Random Forest MSE: 221903368.08616656
Random Forest R² Score: 0.1813608022028831
Random Forest Feature Importance: {'Department': 0.03977011291024907, 'Perf_Training': 0.45606401499814997, 'Perf_Projects': 0.504165872091601}
XGBoost MSE: 219852757.84627217
XGBoost R² Score: 0.18892592191696167
XGBoost Feature Importance: {'Department': 0.04414561, 'Perf_Training': 0.36240137, 'Perf_Projects': 0.59345305}


In [42]:
# Step 1: Define Features
selected_features = ["Department", "Performance_Score", "Years_At_Company", "Work_Hours_Per_Week", 
                     "Overtime_Hours", "Sick_Days", "Team_Size", "Perf_Training", "Perf_Projects"]
X = data[selected_features]
y = data["Yearly_Salary"]

# Step 2: Train-Test Split
X_train, X_test, y_train, y_test = train_test_split(X, y, test_size=0.2, random_state=42)

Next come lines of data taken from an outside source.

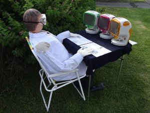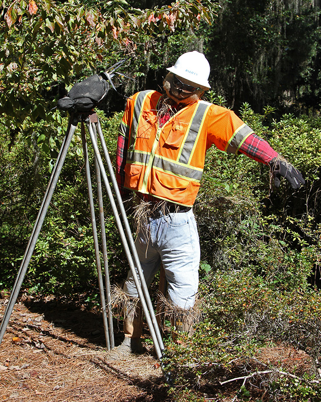 Well, I have put up a Waldo scarecrow before. Yet, this one comes with a walking stick and solar powered binoculars.
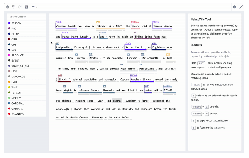 「Appen AI Data Annotation Platform」のテキストアノテーションツールセットは、自然言語理解とOCRプロジェクトに対応しています。主要なツールは以下の2つです。
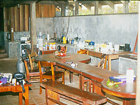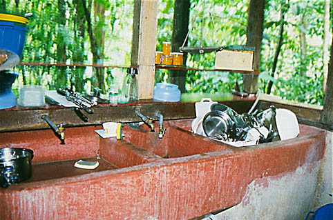 Wer auf seine saubergeputzte Resopalküche zuhause stolz ist, mag den Küchenbetrieb in der Station anfangs befremdlich finden. Aber gibt es zuhause auch den direkten und offenen Blick aus der Küche in den Wald? People who are proud of their modern clean kitchen at home may find the station´s kitchen service a bit strange at first. But does your kitchen at home offer you a direct and clear view straight into the rainforest?
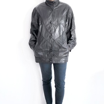 80-talls sort lærjakke, skinnjakke for kvinner, 1980s oversized jakke
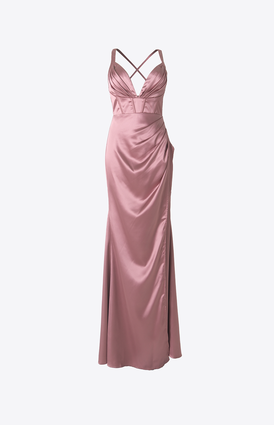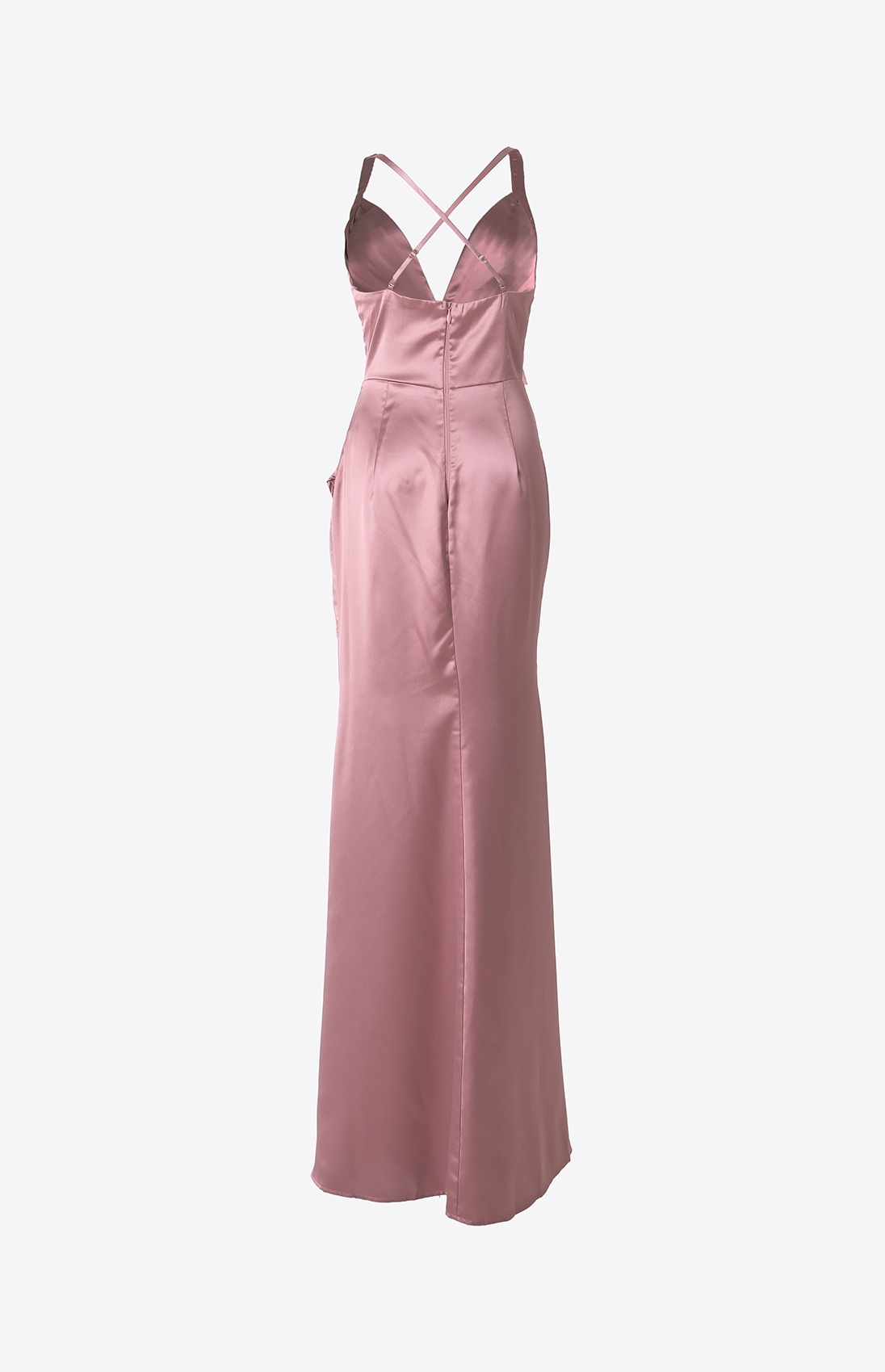 Este vestido satinado en color palo de rosa combina elegancia y feminidad con su escote en V y tiras delicadas. El corset integrado define la figura con gracia, mientras que la abertura lateral aporta un detalle sofisticado que realza el movimiento. Ideal para eventos donde el estilo refinado es esencial.
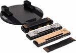 Basplattan kan placeras på valfritt standardiserat virvelstativ eller direkt ovanpå en 14” virveltrumma, vilket gör att Backbeat Station Pro integreras naturligt i befintlig uppsättning. Två medföljande par distanser monteras under de bakre effekterna och höjer spelpositionen för förbättrad ergonomi.
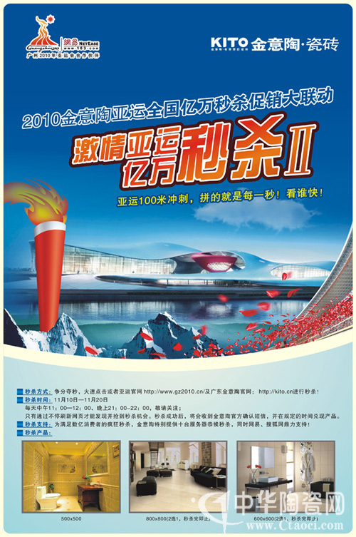 11月10——20日期間,消費者可以通過亞運及金意陶官網(wǎng)登陸“www.kito.cn”對其所喜好產(chǎn)品進行搶購。秒殺成功后,注冊個人資料即可收到秒殺成功短信,憑此信息可于11月21日——28日到金意陶全國各大思想館專賣店進行產(chǎn)品兌換。此外,亞運十一月,凡支持中國健兒的消費者均可得到廣東金意陶廠家的直接優(yōu)惠,亞運會場館選用瓷磚全年最低價銷售,另金意陶堅信本屆中國隊超過上屆中國隊的金牌總數(shù)165枚,凡猜中第二天金牌數(shù)的顧客即可獲精美禮品一份,本屆亞運會上中國獲得的金牌數(shù)量越多折扣也越多,準確猜中金牌總數(shù)更有額外折扣。
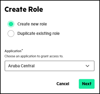 - Select Create new role, choose Aruba Central, and then click Next to launch a role creation wizard.
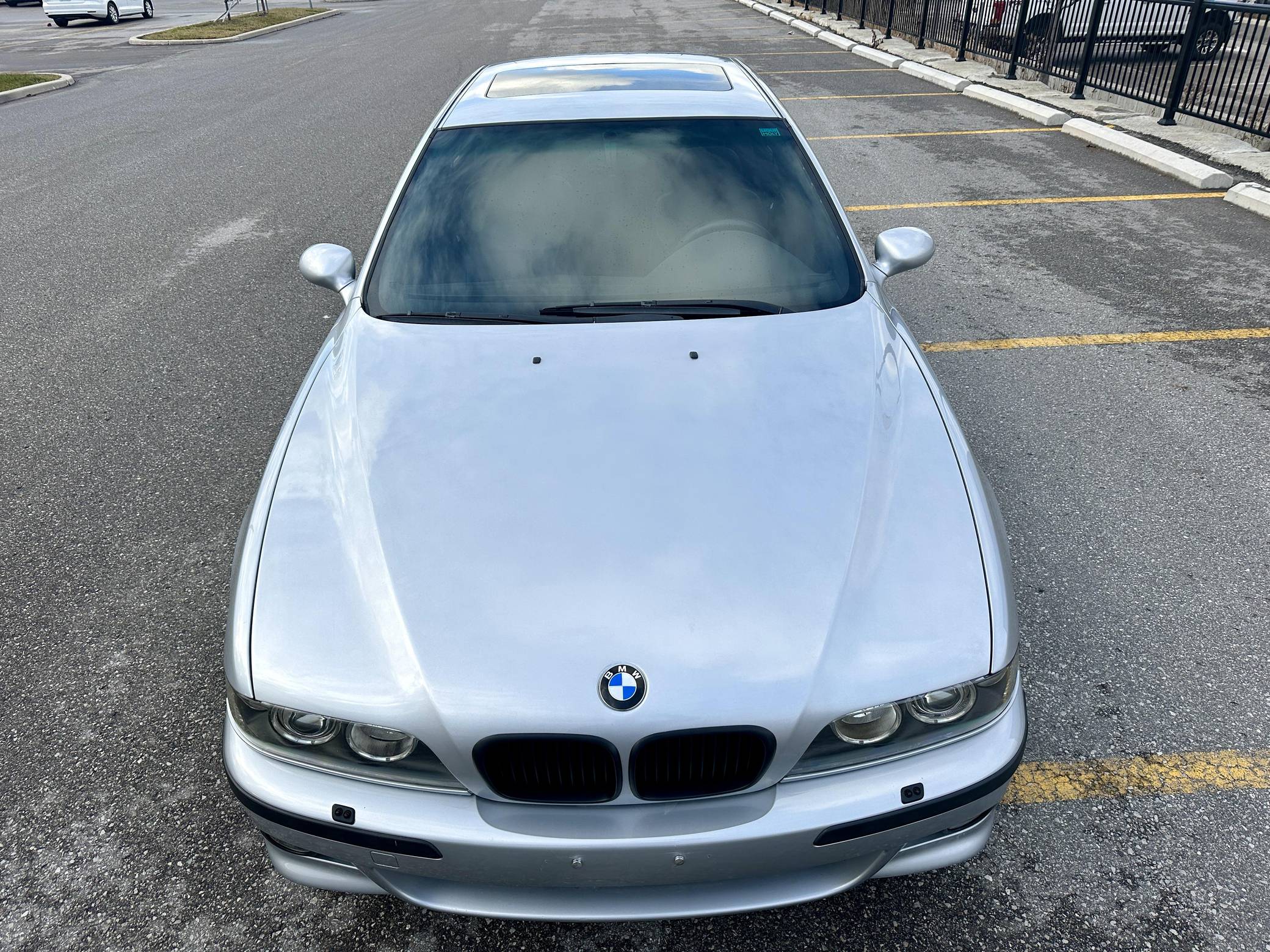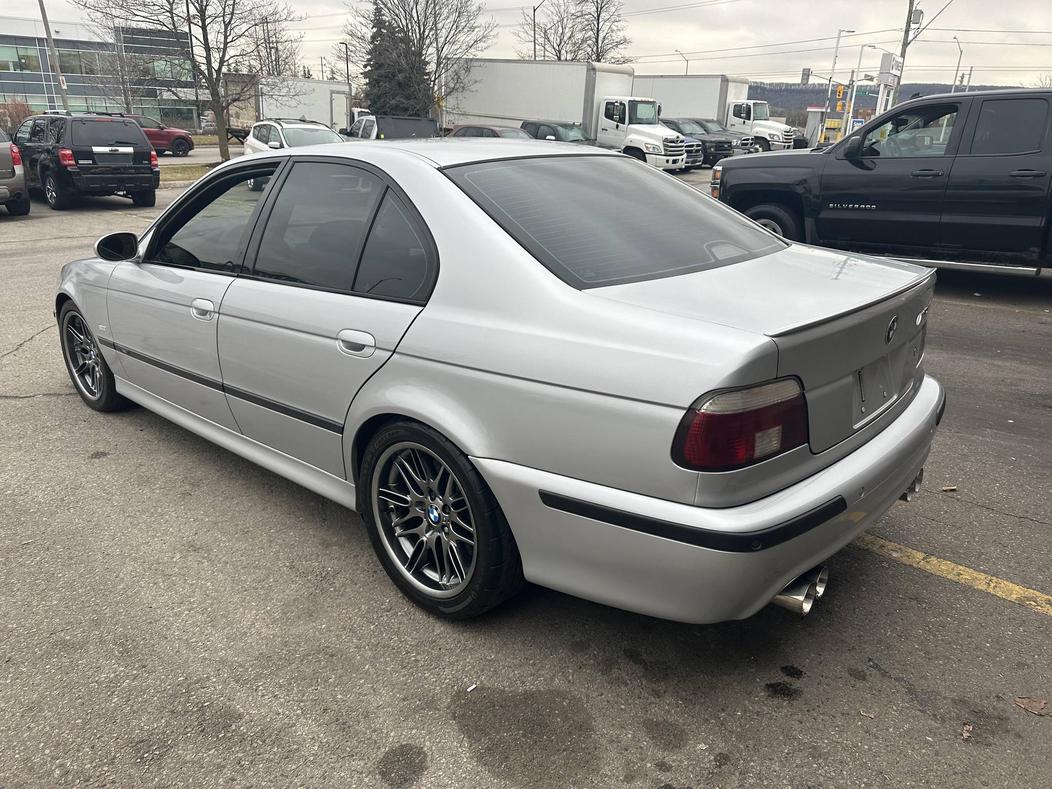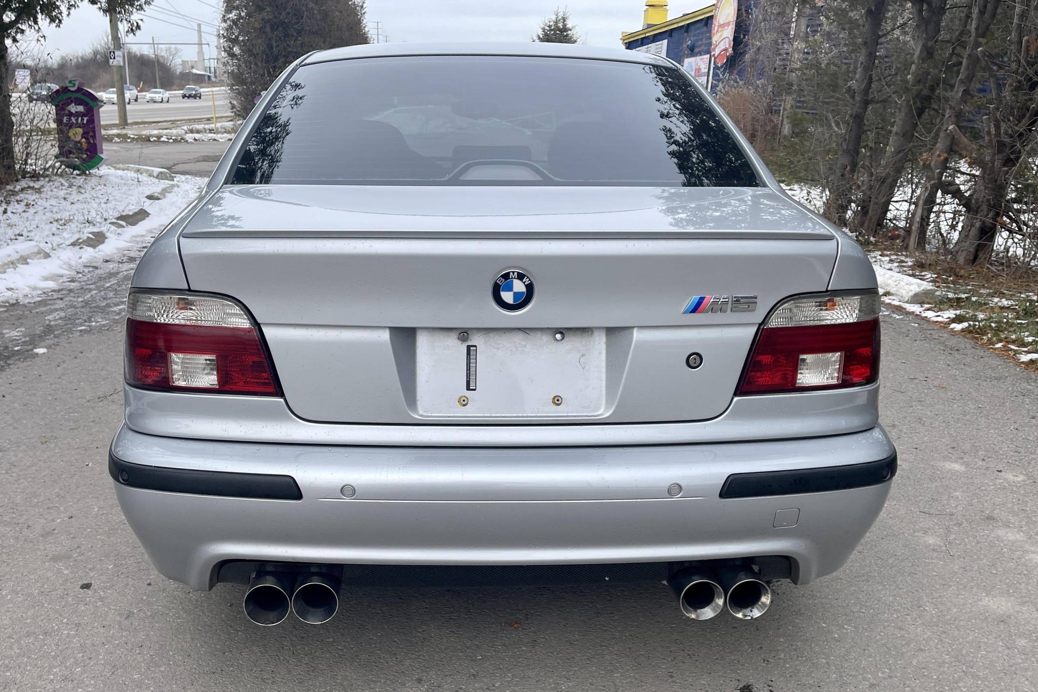 THIS… is a 2000 BMW M5, finished in Titanium Silver Metallic with a black and Le Mans Blue interior. It's equipped with a metric instrument cluster, and its odometer shows about 211,600 kilometers, which represents around 131,500 miles. The attached U. S. According to the build sheet provided in the gallery, factory equipment includes 18-inch Style 65 wheels, Park Distance Control, headlight washers, a power sunroof, heated and power-adjustable front seats with driver-side memory, and a 6-disc CD changer. Modifications reported by the seller include MagnaFlow exhaust components, black kidney grilles, aftermarket headlights, tinted windows, and an aftermarket steering wheel, shift knob, and shift boot. Heralded by brand enthusiasts as the best of its breed, the "E39"-generation M5 arrived in America for the 2000 model year. It was the first of several M-developed cars powered by a V8 engine, and it was exclusively available with a 6-speed manual transmission. Car & Driver crowned it "the most desirable sedan in the world" in 2000. Power comes from an "S62" 4. 9-liter V8, rated at 394 horsepower and 369 lb-ft of torque. Output is sent to the rear wheels via a 6-speed manual transmission.

# Step 3: Hyperparameter Tuning (Place this **before** model training)
param_grid_rf = {
    "n_estimators": [100, 200, 300],
    "max_depth": [10, 15, 20],
    "min_samples_split": [2, 5, 10],
    "min_samples_leaf": [1, 3, 5],
    "max_features": ["sqrt", "log2"]
}
grid_search_rf = GridSearchCV(RandomForestRegressor(random_state=42), param_grid_rf, cv=5, n_jobs=-1)
grid_search_rf.fit(X_train, y_train)  # Find best model parameters

# Step 4: Train the best model using optimized parameters
best_rf_model = grid_search_rf.best_estimator_
best_rf_model.fit(X_train, y_train)

# Step 5: Make Predictions & Evaluate Performance
y_pred_rf = best_rf_model.predict(X_test)
mse_rf = mean_squared_error(y_test, y_pred_rf)
r2_rf = r2_score(y_test, y_pred_rf)

print("Random Forest MSE:", mse_rf)
print("Random Forest R² Score:", r2_rf)



Random Forest MSE: 199243603.1938555
Random Forest R² Score: 0.26495652187897945


# Milestone Discussion

The model-building process has been a continual exploration, not just of predictions but of understanding how salary trends play out in the data. The first models, regression-based approaches, helped establish an initial baseline and highlight the impact of key workforce factors, like upskilling (training). Random Forest emerged as one of the stronger models, balancing complexity with interpretability and showing promise in capturing nonlinear interactions. Through hyperparameter tuning—adjusting parameters like the number of estimators and max depth—the best output landed at an MSE of 199,243,603.19 with an R² score of 0.26, reflecting a moderate predictive performance. Given this result, it’s likely that this represents one of the best possible outputs with the available data, and further tuning may not yield significant gains. That said, continuing to explore different models isn’t just about chasing a better score, it’s about understanding how each model interacts with the data, refining insights, and pushing the analysis forward. There’s still value in testing tweaks, adjusting features, and experimenting with different approaches, even if the numbers don’t shift dramatically. The process is just as much about learning from the models as it is about improving them.